Few weeks back, I came across a ship (Tanker) which was having facility of carrying chemical and oil side by side. 

It was good to see that type of ship.


----------



## R396040 (Sep 30, 2008)

sindbaad said:


> Few weeks back, I came across a ship (Tanker) which was having facility of carrying chemical and oil side by side.
> 
> It was good to see that type of ship.


In 72/73 ? I joined the Post Runner the first ship for Panocean. She was an older ship to fill in for new ships being built for the company service. I had to attend a course with all other offices at Warsash College Southa mpton. I was Services officer,new title (P/CS) for new company. Sat through several days of lectures about ships procedures,loading cargoes etc which I didnt have a clue about......They were PARCEL tankers and could carry a huge range & variety of cargoes.
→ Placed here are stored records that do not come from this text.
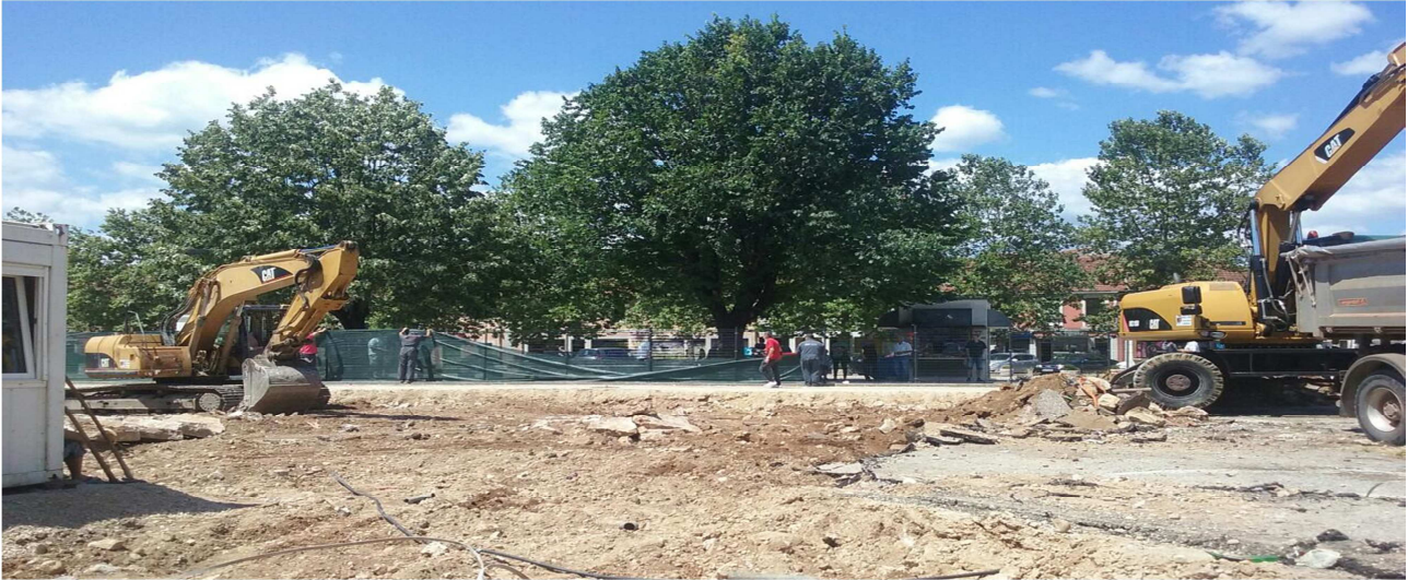
U Nikšiću je rekonstrukcija Trga Slobode bila najveća investicija realizovana u izbornom periodu

Opština Kotor je u izbornom periodu prosječno mjesečno trošila 210 hiljada i ukupno za tri mjeseca potrošila 630 hiljada eura, za razliku od neizbornog perioda kada je mjesečno trošila u prosjeku 69 hiljada eura i za pola godine potrošila 450 hiljada eura, pa je na njenom primjeru uvećanje od tri puta.
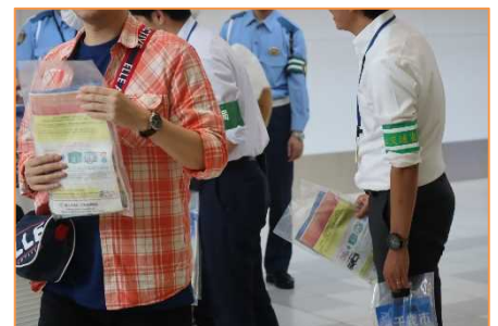
啓発チラシ配布の様子（昨年）

国土交通省北海道運輸局、千歳市、（一社）北海道ハイヤー協会、千歳地区ハイヤー事業協同組合
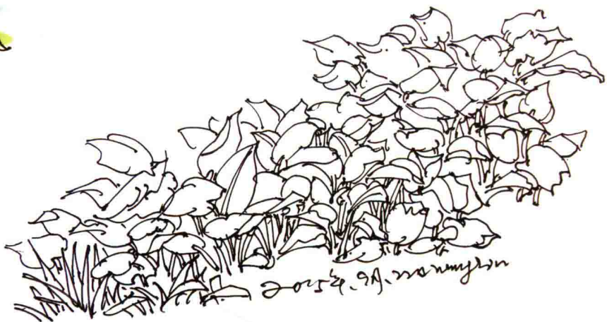
图 1-7 植被

植物的手绘表现不能孤立地看，同一种植物因其所处的空间、地域不同，表现的最终视觉效果也有差异。通过植物手绘学习，大家要学会观察，通过亲近自然了解植物，学会以感性和理性交融的思维方式来看待问题、思考问题，有效吸收和借鉴大自然给我们的启发和感悟（图 1-6、图 1-7）。

During one lecture the lecturer suddenly turbned to me and asked how I was going to load the various liquid cargoes he had carefully been explaining to the other officers. I hurriedly said something or other out of the list and he made a big play by stopping everything and annoucing that THE BOTTOM OF MY SHIP HAD JUST FALLEN OUT.......
She was a great ship to sail on,old or not, and one of the best crowds I ever sailed with.

Stuart


----------



## G0SLP (Sep 4, 2007)

I served in a couple of ships which were originally classed for oil, chemicals and liquefied gases, including Ethylene. Built 1989, 10,000 cubic metres capacity in 6 tanks. A maze of pipes on deck! Originally 'Igloo Moon' & 'Igloo Star'. Nice ships.


----------



## willincity (Jul 11, 2007)

It is not uncommon that IMO Class II or III ships carry chemical and oil cargoes on the same voyage nowadays, compatibility/segregation etc. is the name of the game.
combination carries are also sailing around (LPG/Chemical carriers)


----------



## jasper (May 21, 2004)

All The "Anco" Tankers I sailed on between 1974 and 1989 had this capability. Cleaning the pumproom bilges was a lot of fun. You just never knew what was going to be in there.


----------



## Ken Wood (Sep 6, 2006)

Sailed with Stolt on a parcel tanker. The combination of cargo combinations was immense. We carried chemicals, lub oils, tallow, palm oil, coconut oil etc, even crude oil. We had little control over the loading sequence, as cargo space was sold months in advance, which sometimes meant sailing from one loading port to the next down by the head and with a substantial list. Very good runs, but very hard work.


----------